It’s not easy being the mom of seven children, especially when two of them are disabled. Elva Farrell knows. Her youngest, Andrew, was born with a rare condition, diastrophic dysplasia, a form of dwarfism.
While Andrew needs 24-hour care along with physical, developmental, respiratory and occupational therapy, Elva knows it’s possible for him to one day be as independent as his 9-year-old sister, who has the same genetic condition. In third grade, she can do nearly everything her peers can do, despite dwarfism that’s required 27 surgeries.

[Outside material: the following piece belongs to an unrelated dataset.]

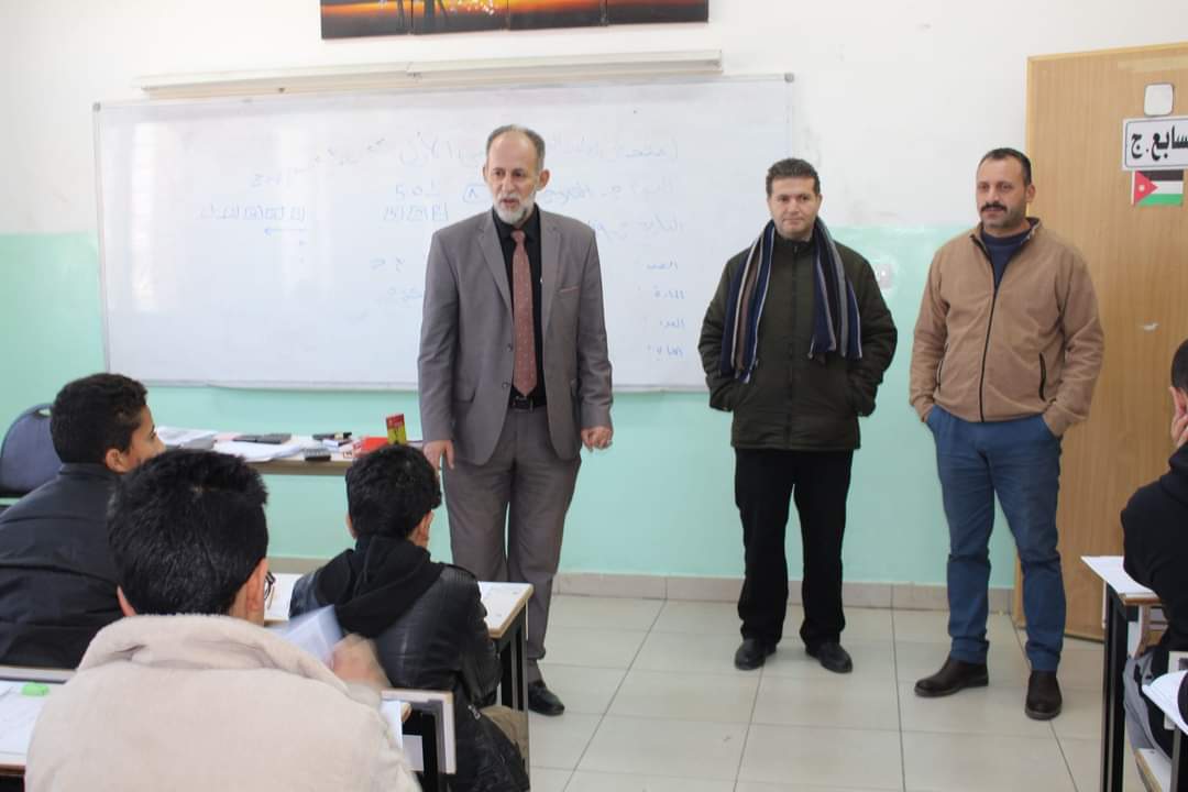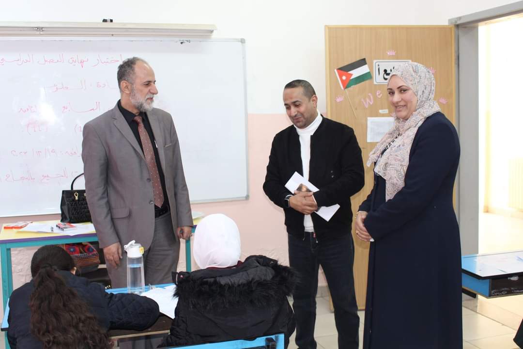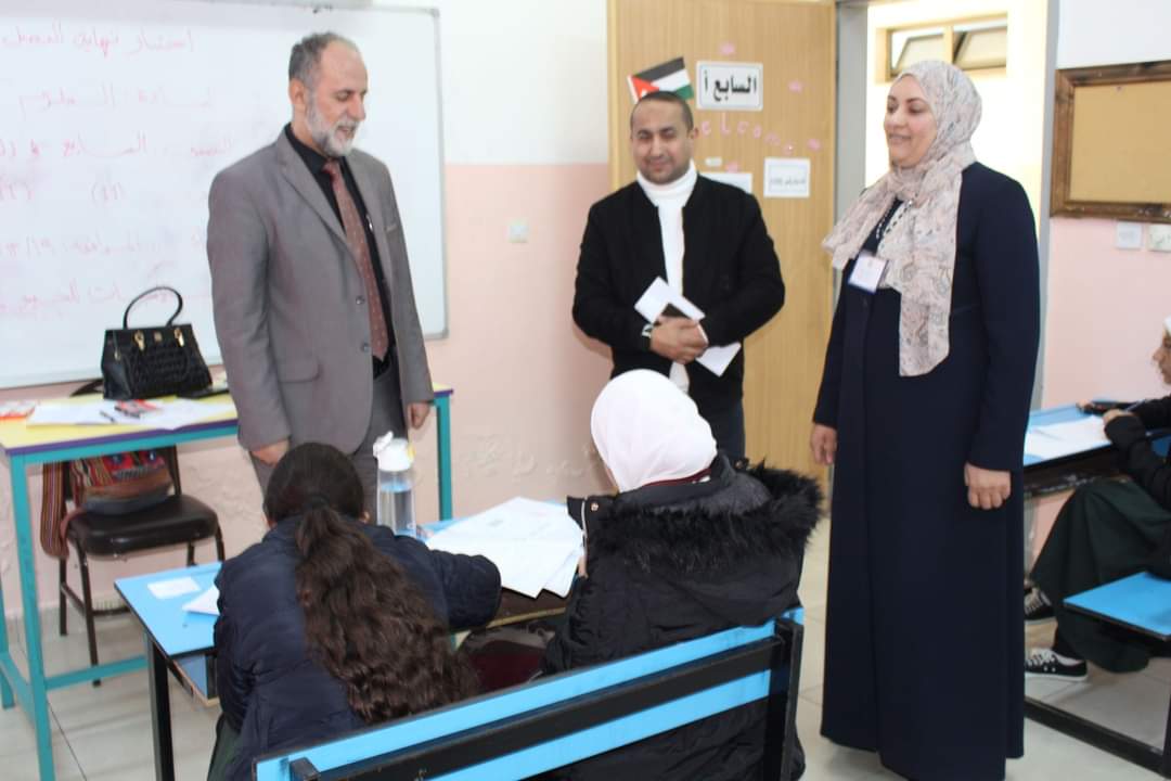 و قام المومني والفريق الزائر بجولة تفقدية للقاعات والغرف الصفية واطلع على سير الامتحان طبقا لمجموعة من المعايير والضوابط التي يتم تطبيقها. حيث أبدى الفريق إعجابه فيما شاهدوا من تنظيم وإتقان وأثنوا على جهود الكادر المدرسي بقيادة مديرة المدرسة إيمان عبد الجواد.

Andrew still has a long way to go. The two-year-old is just now learning to stand, he doesn’t speak and, because he’s missing his soft palate, he’s often fed through a tube. Andrew had respiratory failure after his birth and was on a ventilator for two months, and now has a trachea tube. Until it’s removed, doctors won’t know whether his vocal cords are permanently damaged. Several times a day, his parents or a nurse who comes to the house five days a week, give him respiratory treatments to prevent fluid from collecting in his lungs.
In August, he had metal rods surgically placed on either side of his spine to help straighten it. In order for the treatment to work, though, new rods have to be placed every six months until he is grown.
There are a lot more surgeries down the road, including reconstructive surgery on his knees and more corrections to his flat feet, another symptom of dwarfism.
Being a caregiver is not easy. Elva’s greatest concern is making sure her children – all seven of them – can be as independent as possible. She finds strength to make it through the most challenging days through her faith.
“There are times I feel so much despair and sadness. To have people to talk to and people to pray for me to find strength, that’s what keeps me going,” she said. That, and the smiles she sees on her kids’ faces.